Antes de pasar el umbral, Beth titubeó, atisbando en la densa oscuridad.
—¿Estás seguro de que no es peligroso?
—No tienes por qué preocuparte —inclinó la lámpara para que arrojara un fino rayo de luz dentro de la habitación—. Estoy contigo.
—Gracias a Dios —dijo ella, entrando con remilgos en el lugar. Zachary se preparó para sus chillidos. Estaría exactamente detrás de ella, listo para tomarla en sus brazos cuando viera al fantasma.
Beth se detuvo. La impresión la dejó con la boca abierta. Pero no soltó un chillido propio de una dama: lo que se oyó fue un alarido de verdadero pánico. El agudo grito aterrorizado resonó por toda la mansión. Zachary apoyó la lámpara y se tapó los oídos.
—¿Qué demonios…? —Hizo una mueca—. No es un fantasma de verdad.
Beth no lo estaba escuchando. Giró sobre sí misma. En la penumbra Zachary pudo ver el terror en los ojos de Beth. No se arrojó en sus brazos, como él había imaginado que lo haría. Lo empujó pata apartarlo de su paso y corrió hacia la puerta. Él logró detenerla y tomarla del brazo.
—¡Beth, espera No es más que una vieja sábana!
—¡Apártate de mi camino!
—No puede hacerte daño —trató de tranquilizarla, mientras ella le clavaba las uñas.
—¡Es horrible! ¿Cómo pudiste hacerme esto? ¡Déjame salir de aquí! —Forcejeó desesperadamente para liberarse—. ¡Déjame salir!
Sin saber qué hacer, Zachary la soltó.
—¡Beth, por el amor de Dios, no es necesario que te conduzcas así! ¡Te juro que no es más que una sábana!
Pero Beth ya estaba afuera y bajaba corriendo los escalones rumbo al sendero.
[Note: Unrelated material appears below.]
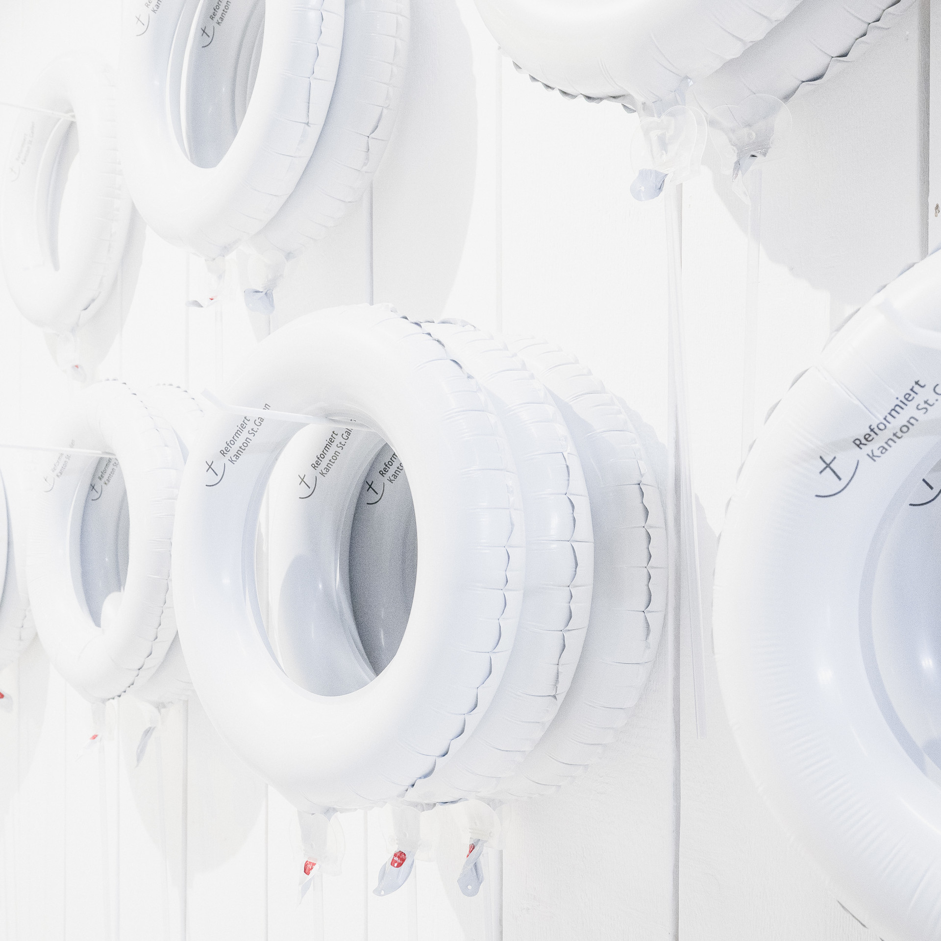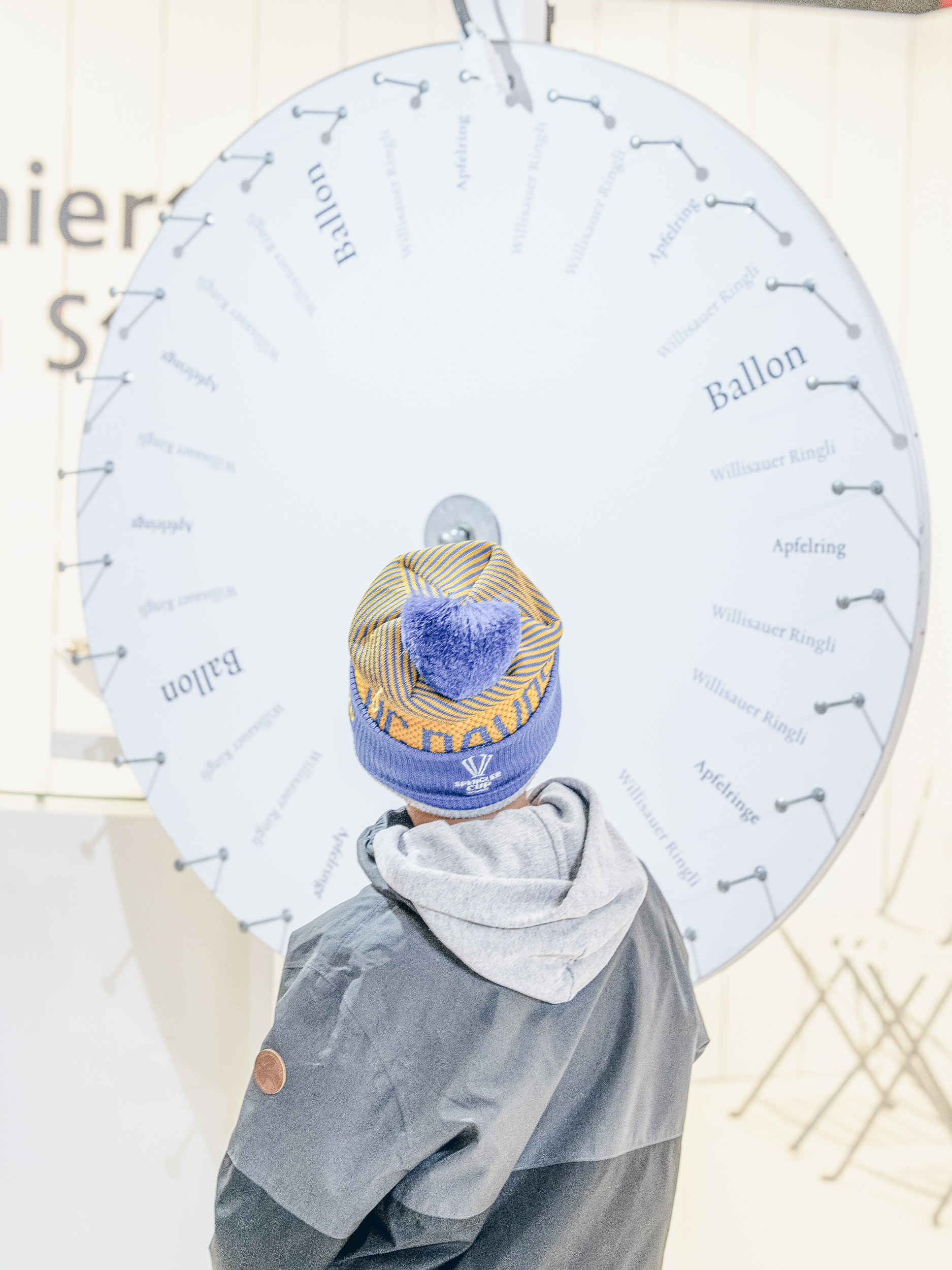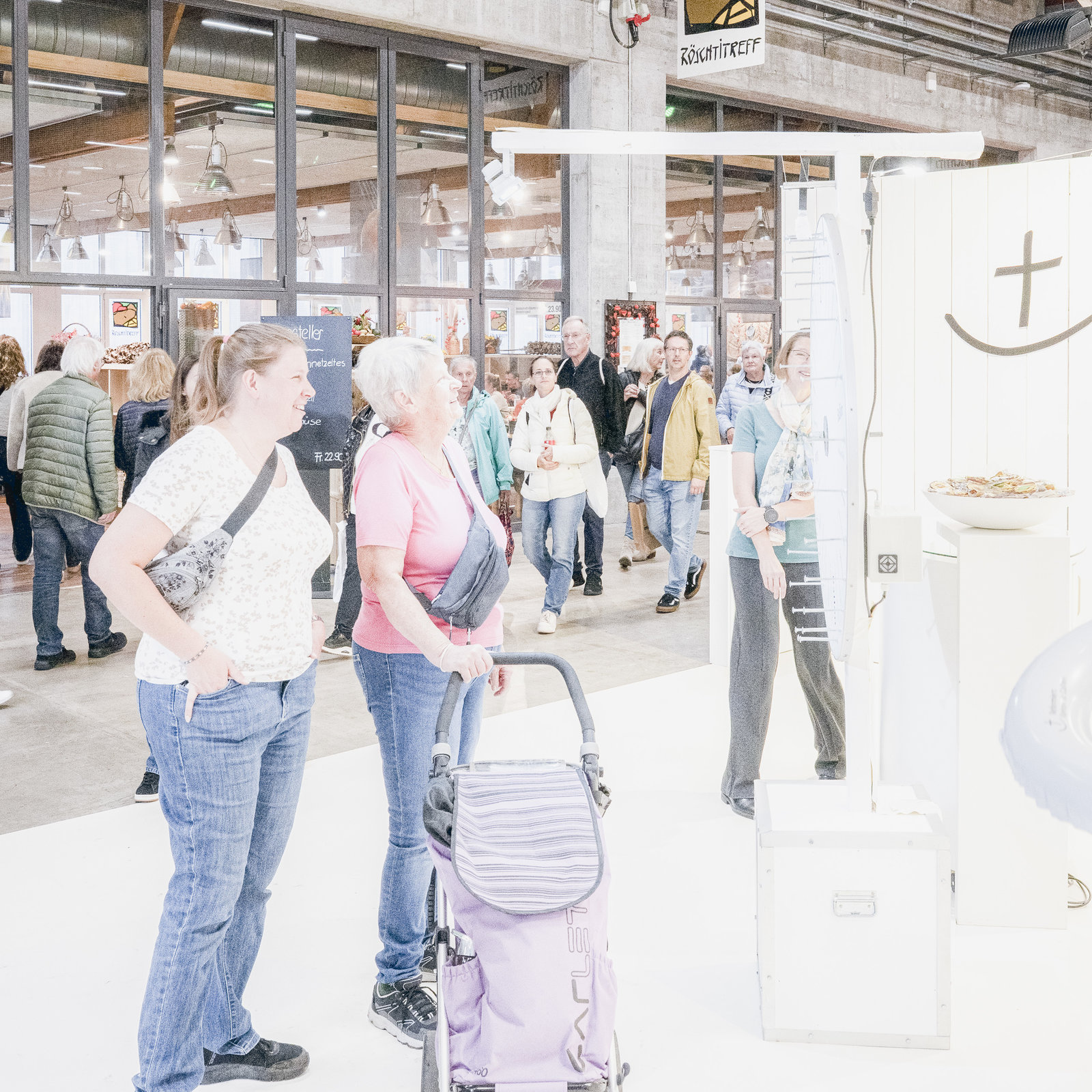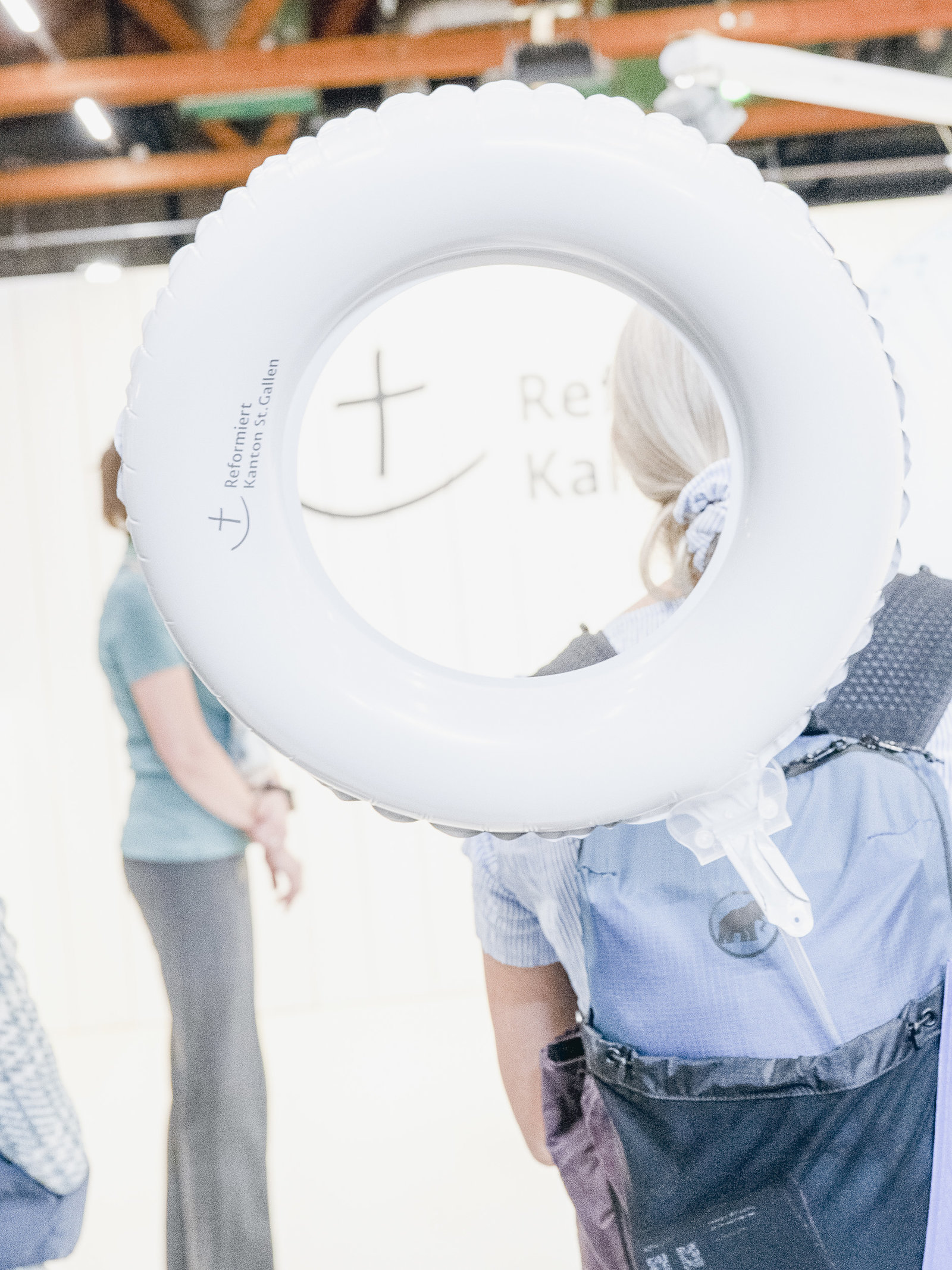 ref-sg.chZur OLMA gehören Glücksrad und Ballone einfach dazu. Und wir lieferten eine Idee, bei der alle gewinnen. Wer das Rad dreht, geht nämlich nicht leer aus. In jedem Fall gibt es einen Segensspruch zu gewinnen. Persönlich, poetisch und garantiert tröstlich. Ein Segen to go, quasi. Und für besonders Glückliche: ein Heiligenschein. Nicht bildlich, sondern ganz real. Die ballonförmigen Heiligenscheine wurden eigens für die OLMA entworfen und avancierten zum Hingucker schlechthin. Wer damit über die Messe schlenderte, trug den Stand sichtbar mit – über Köpfe hinweg.

Desapareció detrás de una curva del oscuro camino que la llevaba de regreso a los jardines principales de los Pabellones.
Bravo por mi grandioso plan, pensó Zachary, abatido. Se preguntó si sería conveniente consultar al señor Hunt sobre el tema de las mujeres. Era evidente que necesitaba un consejo; a lo largo de los últimos tres años había llegado a respetar la opinión del señor Hunt sobre una variedad de cuestiones.
Se dio vuelta para ver por qué su fantasma había fracasado en provocar el efecto buscado. Entonces vio finalmente lo que Beth había visto momentos antes.
El fantasma que él había colgado de una viga del techo oscilaba con efecto sobrenatural por efecto de la corriente de aire. Pero no eran las cuencas vacías cortadas en la vieja sábana las que le devolvían ciegamente la mirada desde el cuarto situado detrás de la escalera. La sangre era un toque muy efectivo. Pero ciertamente no había sido él quien pensara en empapar a su falso espectro con ella.